It was in the gray of the morning when they entered the mighty city by the Thames. They sought a hotel, where they breakfasted; then waiting until business men had gone to their work, they called a carriage and drove to the home of Browning's step-father.

It was Browning's turn now to tremble and perspire. "Bless my soul, Jim!" said he, "no drift on the Comstock was ever half so hot as this, never, by Jove!"

They were admitted and shown to the parlor. Browning asked for Mrs. and Miss Hamlin, and bade the servant say some friends desired to see them.

Who can picture the joy that followed the coming of those ladies into the room! It is better to imagine it.

After an hour had passed, and the tears had dried, and the tremblings ceased a little, Browning's sister drew him a little aside and asked him why he did not inquire about some one else.

"Because," said he, "I dare not."

"Well," said the dear girl, "she is due here even now. If you will go into the library I will meet her, tell her mother has a caller, and propose that we go to the library. When we get there I will lose myself for your sake, and, like the famous witches, 'dissolve into thin air.'"
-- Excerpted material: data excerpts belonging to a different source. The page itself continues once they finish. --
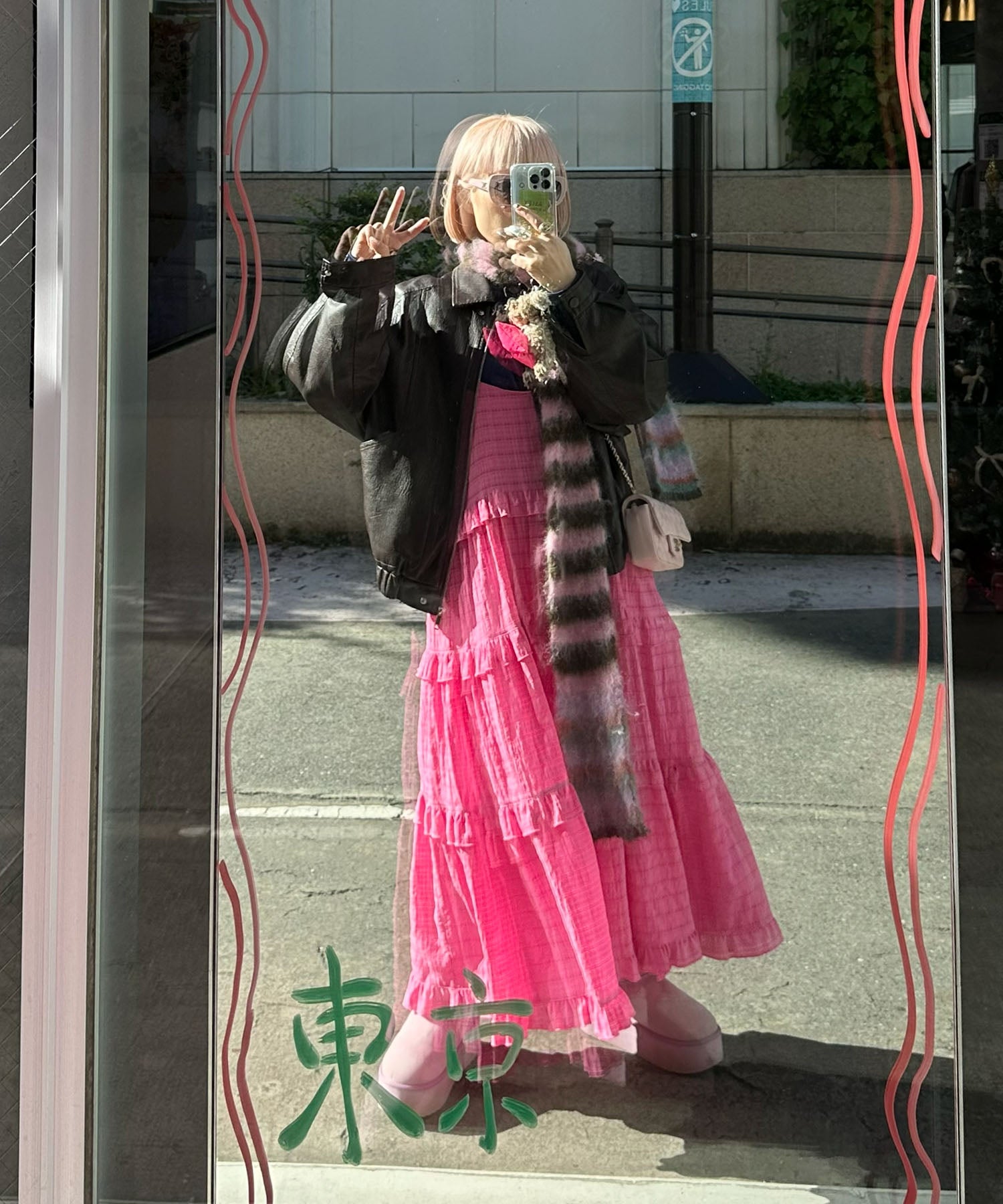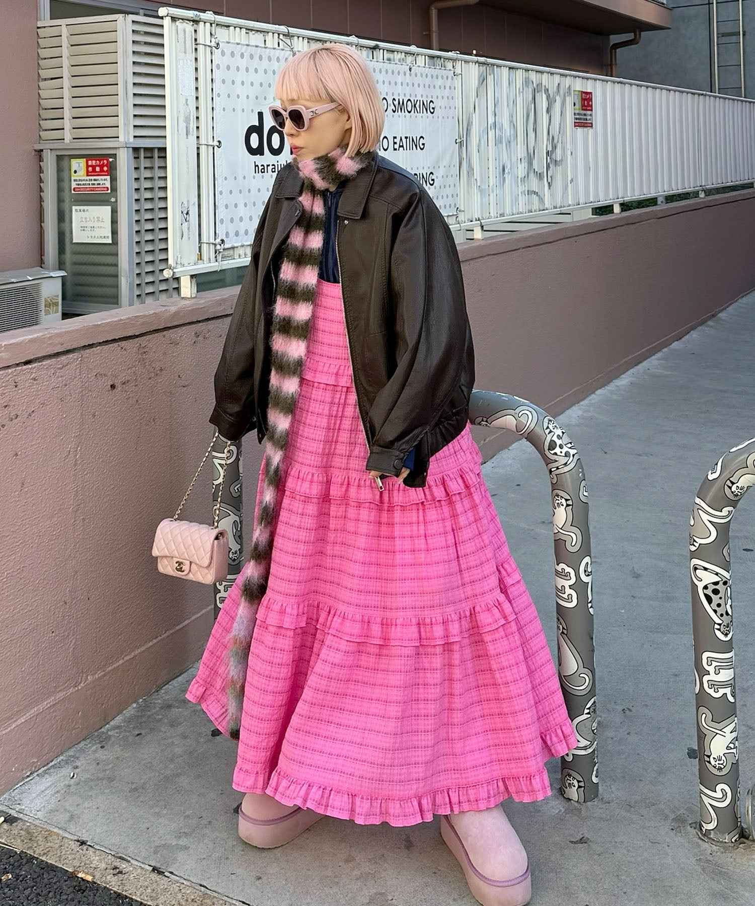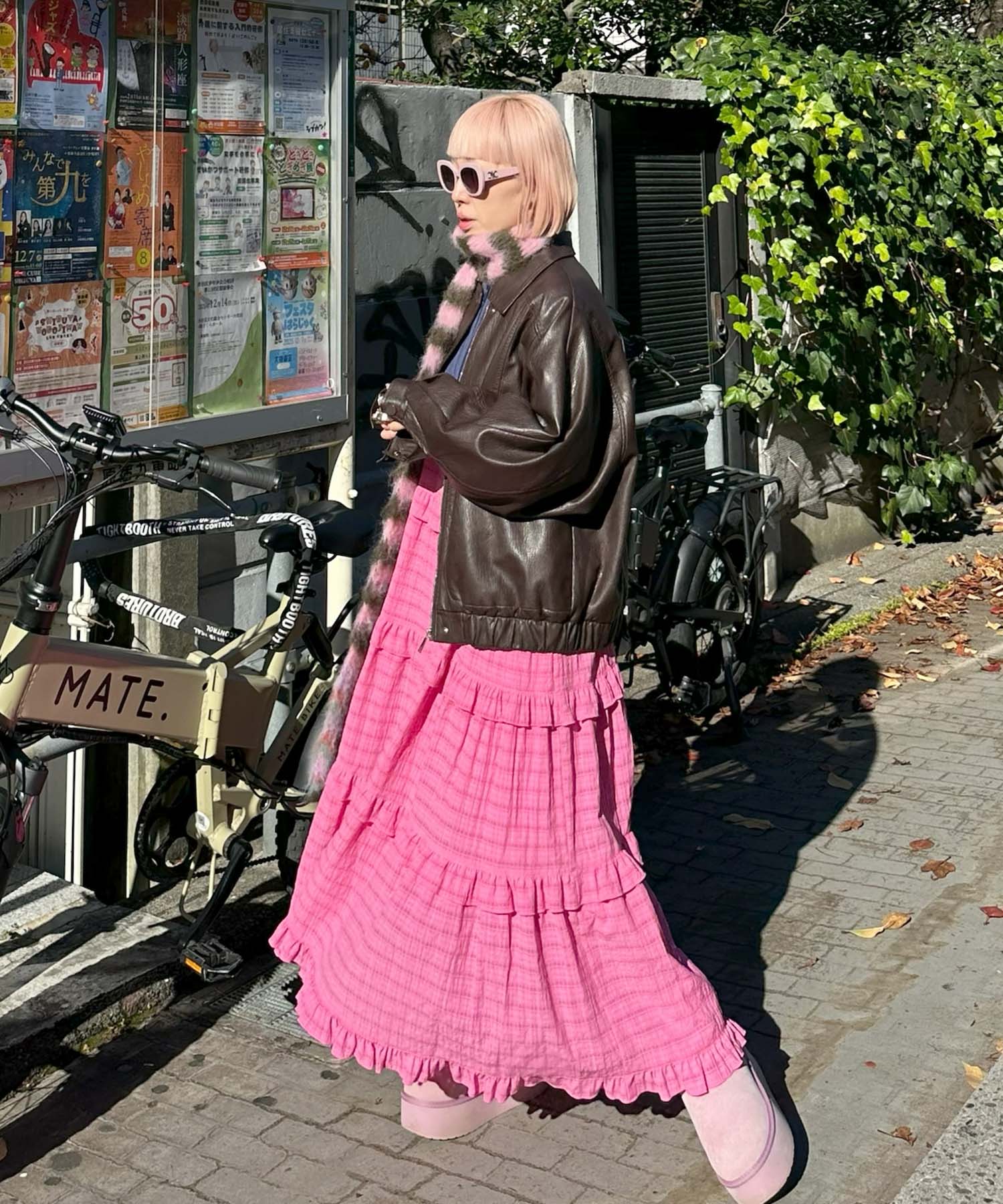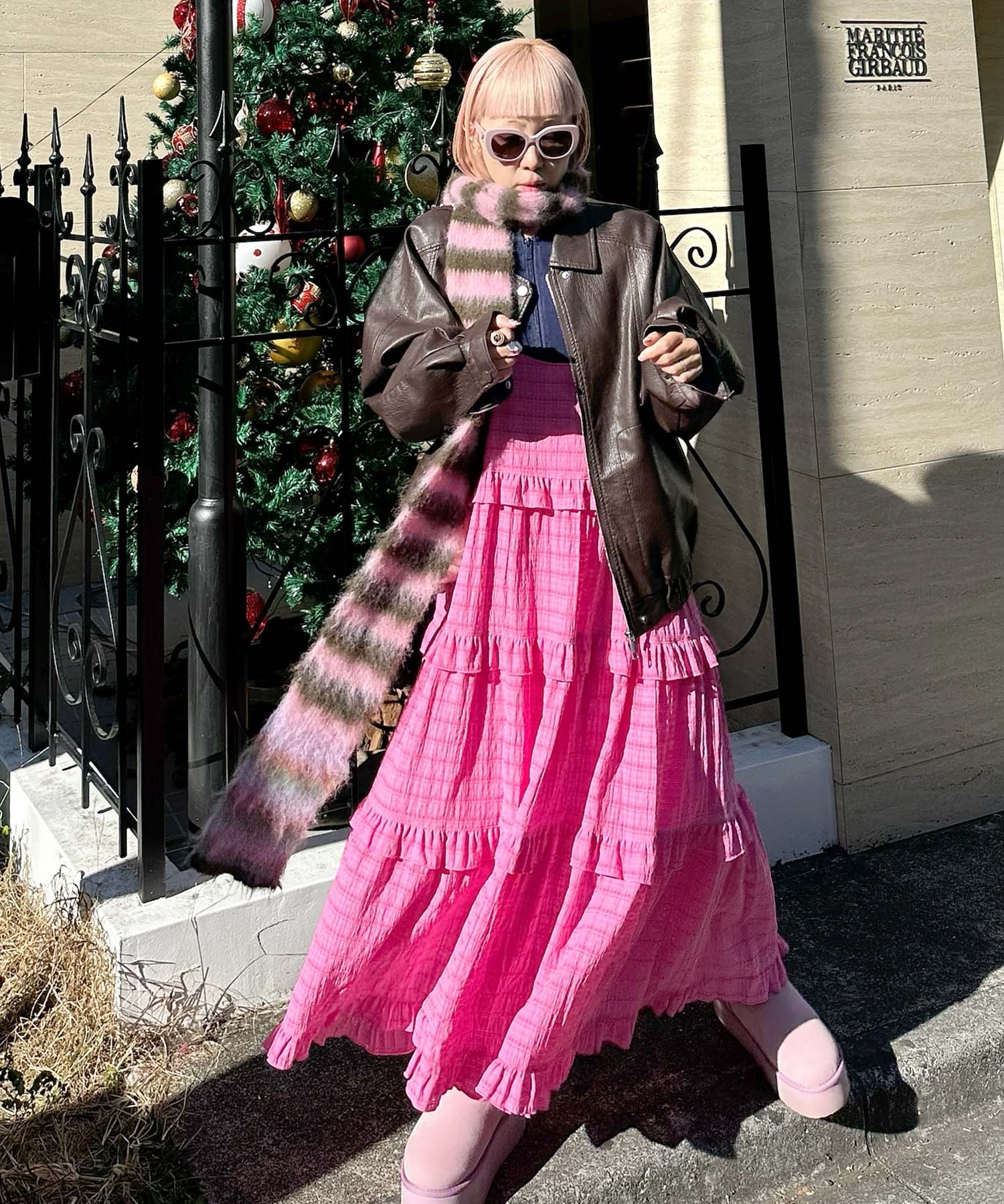 ・大きめのスウェットやニットをレイヤードして、スカートとしても◎
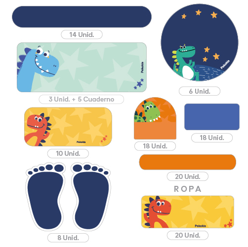 Contiene 124 etiquetas: 99 etiquetas para objetos y 20 etiquetas termo-adhesivas para ropa y 5 etiquetas adhesivas para cuaderno.
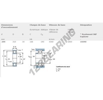 Het Kogellager, bekend als het 16040-SKF SKF, heeft een binnendiameter van 200 mm, een buitendiameter van 310 mm en een dikte van 34 mm.
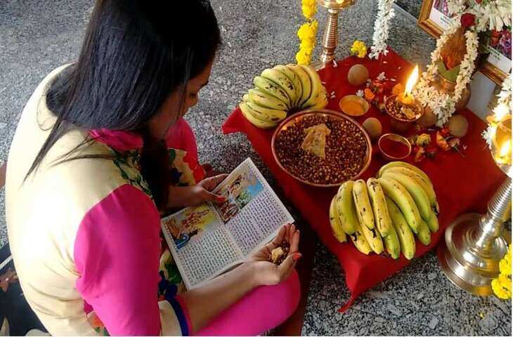 विधि-विधान से कलश की स्थापना करें और माता संतोषी की पूजा शुरू करें। पूजा के दौरान मां को फूल, माला, सिंदूर, अक्षत आदि अर्पित करें। प्रसाद के तौर पर आप देवी को भीगी हुई चने की दाल, गुड़ और केला चढ़ा सकते हैं। मां संतोषी के सामने घी का दीपक जलाएं और भक्ति भाव से देवी की आरती और मंत्रों का जाप करें। इसके बाद सभी लोगों में प्रसाद बांटें और कलश का जल पूरे घर में छिड़कें।
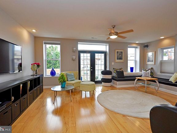 Stunning, one of a kind conversion from the former Canton Oil Co will WOW you! 23 feet wide with over 3300 square feet of living space, this home is open, bright, and ideal for entertaining. The layout is unique, with the main living space on the second floor; this allows a great deal of light and privacy on this level. Party prep is a breeze in the multi-cook kitchen with huge island, 6-burner cooktop, double wall ovens, wine chiller, pantry, and breakfast nook with built-in banquette. The open living/dining space allows mixing and mingling, and features wood floors, a 3-sided gas fireplace, and French doors to a Juliet balcony. On the ground floor, there are two bedrooms (one of which is a perfect home office, right off of the foyer if you need to receive clients or deliveries), a dual-entry bathroom with artistic tile, a wine storage closet, and a large laundry/utility/storage room. The third floor hosts the master suite, complete with soaring ceilings, a gas fireplace, enormous walk-in closet, striking bath with Jacuzzi tub and separate shower, sitting area with wet bar and built-in cabinetry/bookcases, and access to the tiered rooftop deck. This fantastic outdoor entertaining space offers panoramic downtown skyline, expansive harbor, and iconic Canton views. Get ready to be the popular house during fireworks displays and Blue Angels’ airshows. There is plentiful, free street parking in this location, since most of the homes in the area have garages. There is also nearby rental parking available, or you could have a side-entry garage carved out of part of the ground floor. Hurry while there’s still time for summer entertaining!
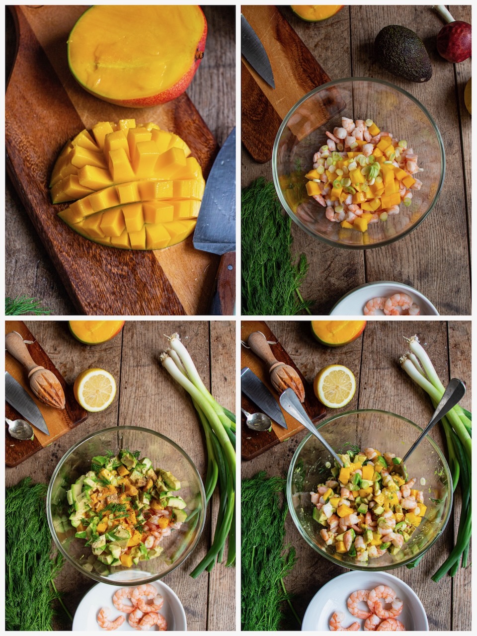 Cut the shrimp, avocado, and mango into cubes. Put everything in a bowl.

"She is not married?" asked Browning.

"No," replied his sister.

"Heart whole?" Browning queried.

"How should I know?" answered his sister; "but there is the door-bell. Hurry Jack! This way to the library!"

Rose Jenvie came in. Grace met and greeted her in the hall.

"Why, Grace," said Rose, "you have been crying. What is wrong, dear?"

"Nothing is wrong," said Grace, "nothing at all, and I have not been crying." And all the time the tears were running down her cheeks.

"Why," exclaimed Rose, "what in the world is the matter? What has so upset you this morning?"

"I tell you, nothing," answered Grace. "Mamma has a caller in the parlor; let us go to the library."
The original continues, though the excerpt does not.